所在地 :岡山県真庭市
建築設計:NKSアーキテクツ
構造設計:桃李舎
施工:大本組(建築)・銘建工業(CLT・集成材)・双葉電機(設備)
写真:エスエス企画
【寸評】
CLT発展の功労者である銘建工業の新事務所棟である。CLT大判を活かした折版屋根、V字梁を「菱組」と呼ぶ斜格子間にかけ渡す架構は、ダイナミックかつ合理的。この架構の構築だけに満足することなく、施工性、メンテナンス性、環境性能、プレビルド化、使い方、見せ方、あらゆる観点から銘建工業のプロジェクトチームと設計者が議論を重ねたそうで、実際に非常に考え抜かれたシステムである。オフィスとして十分な無柱空間を確保しており、それ自体が耐震要素となる菱組により木造らしからぬ解放感があり、新しいオフィスの在り方を提示しているように思える。

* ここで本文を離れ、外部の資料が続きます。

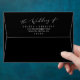 This delicate dark black calligraphy wedding invitation envelope is perfect for a modern wedding. The romantic minimalist design features lovely and elegant white typography on a black background with a clean and simple look. Personalize the envelope flap with your return address.

ところで、生まれも育ちも性格も違う、RCとCLTを比較して、単価が高いとか、補助金がないと成り立たないなどの声を耳にすることがある。原材料は、一方は最初からある山を削って得た粗骨材、もう一方は人が何十年もかけて育てた木、最初からコスト面で分が悪いのは当たり前で、さらに原価を落とすというのはナンセンスではないか?もっと知恵を絞ってその材料に適した使い方を追求すべきではないか?
この建物の説明に何度も出てくる「プレビルド」という言葉が、その解決策にならないだろうか。断熱材〜防湿シートまでをプレファブ化した外壁、空調ダクトと一体化されたV字型梁など、現場での工期短縮を徹底し、システム化することでコスト抑制を図っている。考えてみれば、RC同じコンクリートを原料とするPCa・PCは、同じプレファブ化を志向したCLTよりも単価はかなり高い。軽くて、ハンドリングがよく、プレファブ化に適したサスティナブルな未来の材料。そんなCLTの真の姿を見せてくれる本建物は、まさに「都市木造の未来・可能性を見せてくれる建築」であり、T-1グランプリにふさわしい作品である。